The Effects of Muscle Strengthening on Neural Control, Muscle Forces, and Motion Mechanics in a Squat Jump

P. Prokopow (Japan)


Muscle strengthening, squat jump, simulation, neural control, motion mechanics


This study investigates the effects of muscle strengthening on neural control, muscle exertion patterns and motion mechanics in vertical squat jump. In the experiments sixteen major muscles were strengthened up to 20%. A forward dynamics computer simulation was used to evaluate quantitatively the effect of strengthening the muscles. The model of the neuromusculoskeletal system used in this study was three-dimensional and had 20 degrees-of-freedom. It included 26 Hill-type muscles connected in a series with tendons.
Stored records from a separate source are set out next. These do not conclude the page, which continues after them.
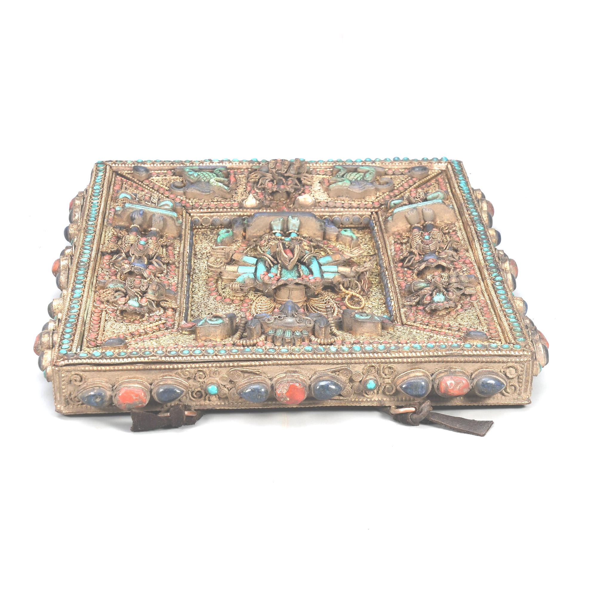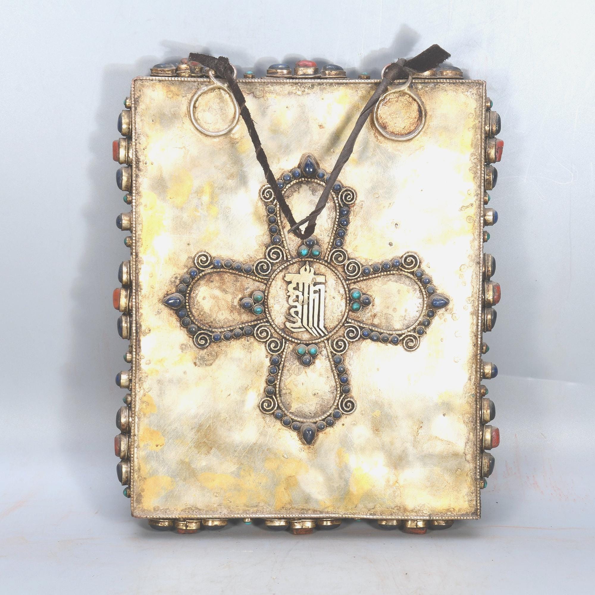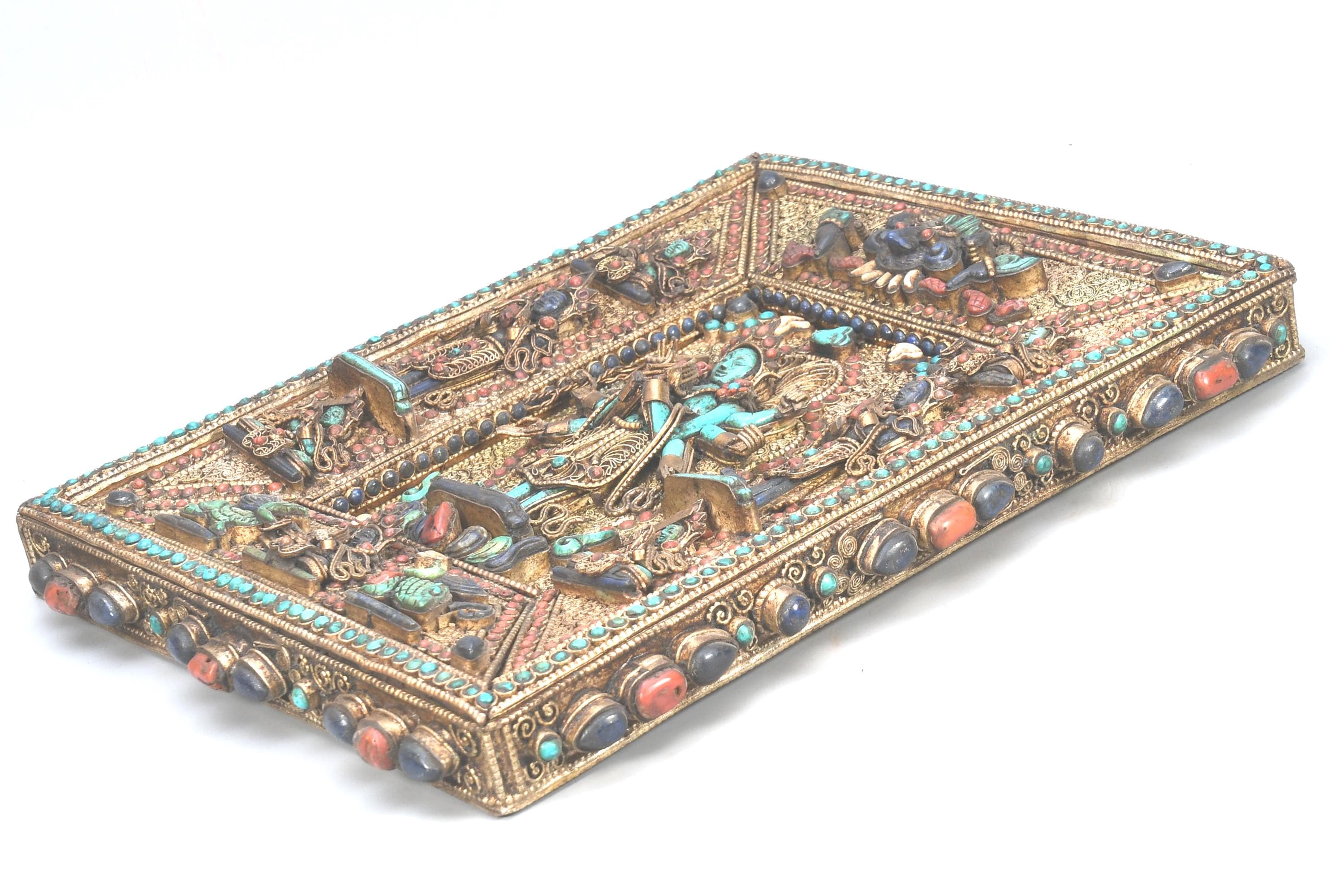 Handmade Carved Buddha Thanka Wall Hanging, Gold Copper Gemstone Art
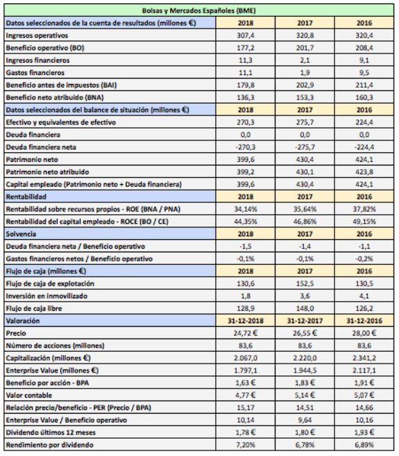 En la tabla siguiente se observa una caída del precio de los 31,06 € de finales de 2015 a los 24,32 € de finales de 2018. Sin embargo, el ratio PER (precio dividido por el beneficio por acción) ha estado en torno a 14,5 – 15 veces al cierre de cada año de este período.
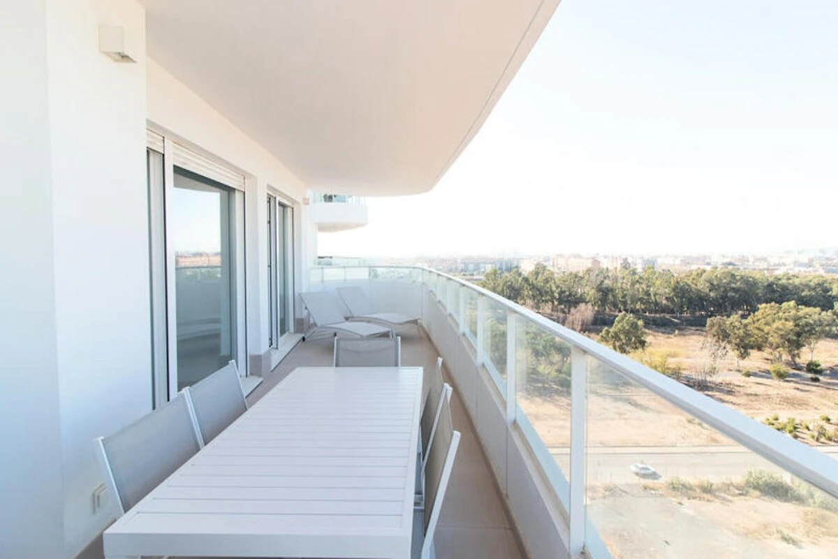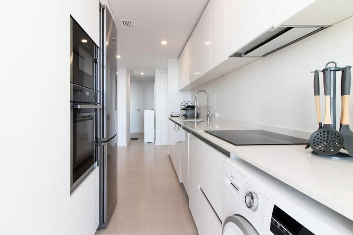 Das 150 m² große Apartment bietet bequem Platz für bis zu sechs Gäste in drei geschmackvoll eingerichteten Schlafzimmern. Die hellen und luftigen Räume werden durch eine 30 m² große Terrasse ergänzt, die sich ideal zum Essen im Freien oder einfach zum Genießen der Ruhe eignet. Die Unterkunft bietet zahlreiche Annehmlichkeiten, darunter eine voll ausgestattete Küche im amerikanischen Stil mit Induktionskochfeld, Geschirrspüler und Kaffeemaschine sowie moderne Annehmlichkeiten wie WLAN, Klimaanlage, Zentralheizung und eine Waschmaschine. Für zusätzlichen Luxus stehen Gästen ein Gemeinschaftspool, ein Spa und verschiedene Sporteinrichtungen wie Tennis-, Squash- und Padelplätze zur Verfügung. Überdachte Parkplätze im Gebäude sorgen für einen unbeschwerten Aufenthalt.
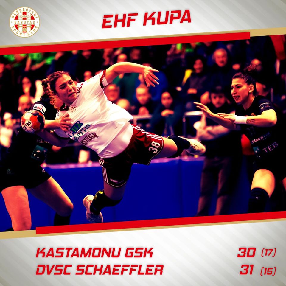 A DVSC 31-30-ra győzött szombaton a török Kastamonu Belediyesi GSK otthonában a női kézilabda EHF Kupa csoportkörének első fordulójában.
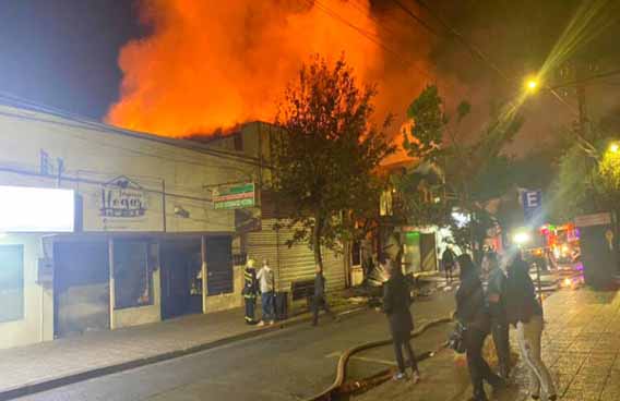 De acuerdo con los antecedentes preliminares de Bomberos, el fuego se propagó rápidamente por el material combustible de los locales y generó una gran columna de humo que se podía ver desde varios puntos de la ciudad.
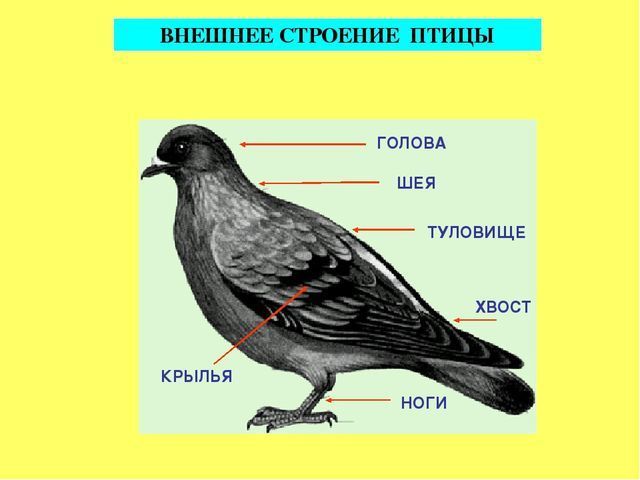 Опишите форму тела птицы и укажите, из каких отделов оно состоит. По каким признакам можно отличить птицу от других позвоночных животных?
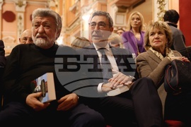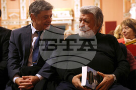 София (27 ноември 2024) Тома Биков (вдясно) представя новата си книга „Българските контрареволюции и краят на идеологиите“ във Военния клуб в София. Творбата е издадена от A&T Publishing. Тя е продължение на предишната книга на Тома Биков - „Българските революции“, която излезе преди близо четири години. Сред присъстващите на събитието е скулпторът Вежди Рашидов (вляво).
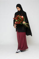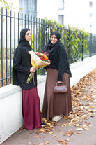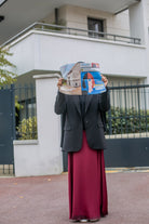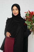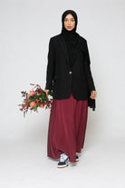 Wir haben uns entschieden, es mit der schwarzen Blazerjacke und dem hochwertigen schwarzen Sandy-Hijab zu tragen.
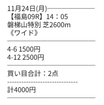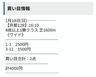 馬券代総額は4000円で財布を痛める事のない優しい支出総額

The optimal neural control, which produced maximum height jump, was found through a numerical optimization method. It was found that: (i) the pattern of the kinematical changes depend on which muscles are strengthened, while the magnitude of the changes depends on how much muscles are strengthened. (ii) The adjustment in muscle coordination, in some cases, can be done without adjustment of neural control. (iii) The adjustment in neural control is done in an adaptive manner. (iv) Inter segmental coordination is altered more if only some muscles are strengthened, as opposed to when all muscles are strengthened together, then inter-segmental coordination changes only slightly. (v) The main effect of equally strengthening of all muscles is the increase of joint torque, which is proportional to the increase in muscle strength.